I heard from a LR specialist that one of the illnesses of the V8 is that the cylinder liners start floating which will lead to coolant consumption and blowby 8bto the cooling system. When he hear the mileage on this car (260k kilometers) he said "let's hope it's not the original engine". Encouraging words.. but something I will keep in mind as it may be related to the issues I was having. Just thought I'd share.
 
They can if slip of they're not looked after but the failure seemed to occur around 60-80000 miles. If you're past that then likely ok.
The coolant issue is separate, caused by a crack in the block, which can also cause liners to slip
 
Liner slip is down to poor casting and the water jackets inbetween the cylinders are offset and the thinner wall of the jacket cracks and allows the aluminium block to shrink away from the liner, it's minute but enough to cause the liner to slap up and down, if left unattended it can bareak down in to the crank and split the block in two..

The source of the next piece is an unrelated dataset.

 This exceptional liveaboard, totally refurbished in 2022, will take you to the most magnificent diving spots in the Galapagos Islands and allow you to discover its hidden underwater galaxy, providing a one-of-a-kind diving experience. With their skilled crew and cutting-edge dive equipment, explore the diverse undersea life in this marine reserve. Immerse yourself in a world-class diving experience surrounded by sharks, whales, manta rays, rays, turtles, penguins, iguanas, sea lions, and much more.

Not as common as you'd think, overheating to the point of pre ignition and running them lean are two of the most common causes, and obviously some bad blocks from the factory..

The Thor is more common for it due to the high running temperature to get the car through Euro 3 standards, keeping the cooling system in A1 condition is the most important thing for that engine.
 
I can't remember the brand but one of the things that people put into the coolant system to block up leaks has exactly what you describes as 'glitter/sparkles' in it.
I think it's to help it block up any holes.
Some just put it in as a 'just in case' even if they don't have coolant loss.
Not a fan of any of them as I doubt they're going to do much to keep the smaller passages in the cooling system unblocked - but I do accept they might be the only alternative as a 'get you home' bodge.

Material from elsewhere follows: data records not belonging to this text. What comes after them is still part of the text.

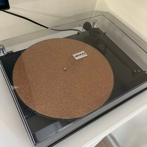 Argon pladespiller til afspilning af vinylplader. Enheden har en beskyttende transparent dæksel og en manuel tonearm. Designet til brug med standard vinylplader.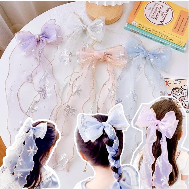 [現貨]超仙女童紗網蝴蝶結飄逸公主髮夾 可編髮女童公主髮飾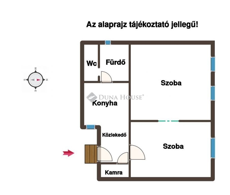 - Két nagyméretű szoba, konyha, fürdő, wc, kamra és egy közlekedő.

I would suggest getting the car up & running & in normal use & keep an eye on your coolant levels.
A pressure test would be a good idea to see if the pressure drops without any apparent leaks - did this on my Classic using one of the Mityvac type devices ( does vacuum & pressure) & it showed up a slight weep from a hose joint which was solved by nipping up the hoseclip.
I had a small gasket leak and used Prestone leak seal, has been as sound as a pound so far with no more coolant loss. I will eventually get the gaskets done but if the Prestone keeps working I will keep on trucking :)
 
So this concerns my green 1999 p38 with 4l V8. It has been sat for 8 years before I acquired it.

I just did some major service work and found a considerable amount of milk in de oil filler cap. Also tiny tiny bit in the drained oil. After changing oil and running the engine visible condensation droplets in oil filler cap. Coolant level is low (only just in the expansion tank), but the drain plug was leaking a bit. No signs of oil in the coolant (eg. milk, black line in reservoir, black traces in coolant).

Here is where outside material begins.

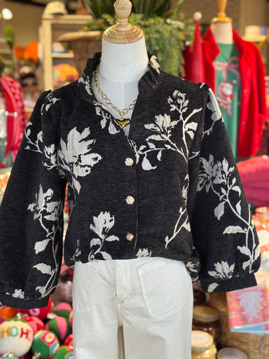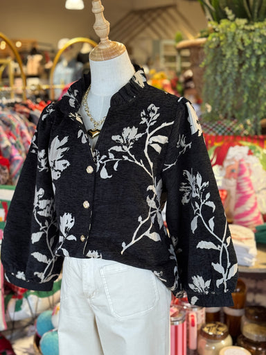 Black tapestry top with metallic flowers with gold buttons, introducing the Caterina Top, a luxurious addition to your wardrobe. Made with 100% pol...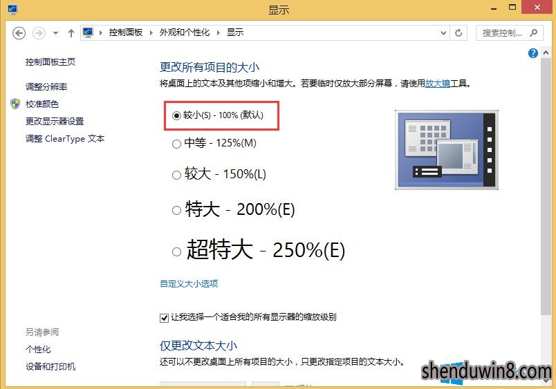 3、在跳出的“显示”面板,将“更改所有项目大小”,这里大家选中“较小-100%”,打开“应用”。

At first it seems to me that I have a coolant-oil gallery head gasket leak. However I find it strange that the contamination is only in one direction (coolant towards oil).

I don't know how what the heads look like on this engine. Is it possible to have an oil-coolant gallery leak on these or are they not adjacent?

Any other places where coolant could leak into the oil.?

On this type of leak I would expect to at least see some evident in the coolant expansion tank. From a sitting vehicle I expect some condensation in the engine but the amount of milk under the filler cap seems to be too much to be condensation related

I don't really care to do the work, and the parts don't seem too expensive at first glance, but of course if it doesn't need to be done it doesn't need to be done.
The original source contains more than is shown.